In the early, online version of the Proceedings of the National Academy of Sciences, an international team led by investigators in Australia and France report on loci linked to differences in flowering time and photoperiod in domestic legumes relative to their wild counterparts. Through quantitative trait locus analyses on wild and domestic pea and lentil lines, the team tracked down two sites in the genome with ties to photoperiod response. The alleles identified appear to allow for flowering during long days, enabling crop growth during summer months in parts of the world with chilly winters. "Our results identify the factor likely to have permitted the successful prehistoric expansion of legume cultivation to Northern Europe," INRA's Isabelle Lejeune-Hénaut, the study's senior author, and her colleagues write, "and define a conserved genetic basis for major adaptive changes in flowering phenology and growth habit in an important crop group."
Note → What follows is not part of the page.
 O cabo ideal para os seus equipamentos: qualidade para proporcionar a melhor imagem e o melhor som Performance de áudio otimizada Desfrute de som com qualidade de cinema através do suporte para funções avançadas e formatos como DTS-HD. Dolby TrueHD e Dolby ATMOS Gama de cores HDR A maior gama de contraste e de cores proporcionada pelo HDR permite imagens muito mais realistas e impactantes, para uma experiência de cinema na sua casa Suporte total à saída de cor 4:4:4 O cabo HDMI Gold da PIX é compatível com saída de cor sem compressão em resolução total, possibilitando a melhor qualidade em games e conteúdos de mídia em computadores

A team from French Polynesia and France takes a look at the proteins behind biomineralization in parts of the pearl oyster shell. By using high-throughput approaches to assess gene expression and protein levels in multiple oyster tissues, the researchers found 80 proteins that make up the shell matrix in the Polynesian pearl oyster, Pinctada margaritifera, and the gold-lip oyster, P. maxima. Sixty-six of these shell matrix proteins have not been described previously, they report, expanding the 'biomineralization toolkit' involved in forming the so-called prism and nacre microstructures within pearl oyster shells. "We unambiguously demonstrate that prisms and nacre are assembled from very different protein repertoires," the team notes. "This suggests that these layers do not derive from each other."
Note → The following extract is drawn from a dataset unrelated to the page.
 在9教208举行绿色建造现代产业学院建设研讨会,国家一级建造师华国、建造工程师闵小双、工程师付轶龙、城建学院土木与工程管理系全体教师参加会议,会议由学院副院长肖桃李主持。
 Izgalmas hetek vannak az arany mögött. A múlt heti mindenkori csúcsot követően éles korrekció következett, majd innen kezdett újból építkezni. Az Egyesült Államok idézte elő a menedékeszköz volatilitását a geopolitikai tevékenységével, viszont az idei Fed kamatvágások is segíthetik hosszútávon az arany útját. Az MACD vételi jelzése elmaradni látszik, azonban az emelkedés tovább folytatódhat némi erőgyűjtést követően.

Researchers from the Max Planck Institute for Developmental Biology's protein evolution department present a 'domain dictionary' approach for predicting the fiber structures of modular surface proteins contributing to host cell adhesion by pathogenic Gram-negative bacteria. The team used X-ray crystallography to garner structural information on trimeric autotransporter adhesin, or TAA, protein domains, which tend to share conserved structural features in enterobacteria, regardless of sequence level divergence. The domain dictionary approach proved useful for reconstructing fiber structures for TAA proteins from Salmonella enterica, enteropathogenic Eschericia coli, and uropathogenic E. coli, researchers report, noting that the study "completes the list of structural templates for frequently occurring TAA domains and proves both the robustness and the applicability of the dictionary approach to understanding TAA structure."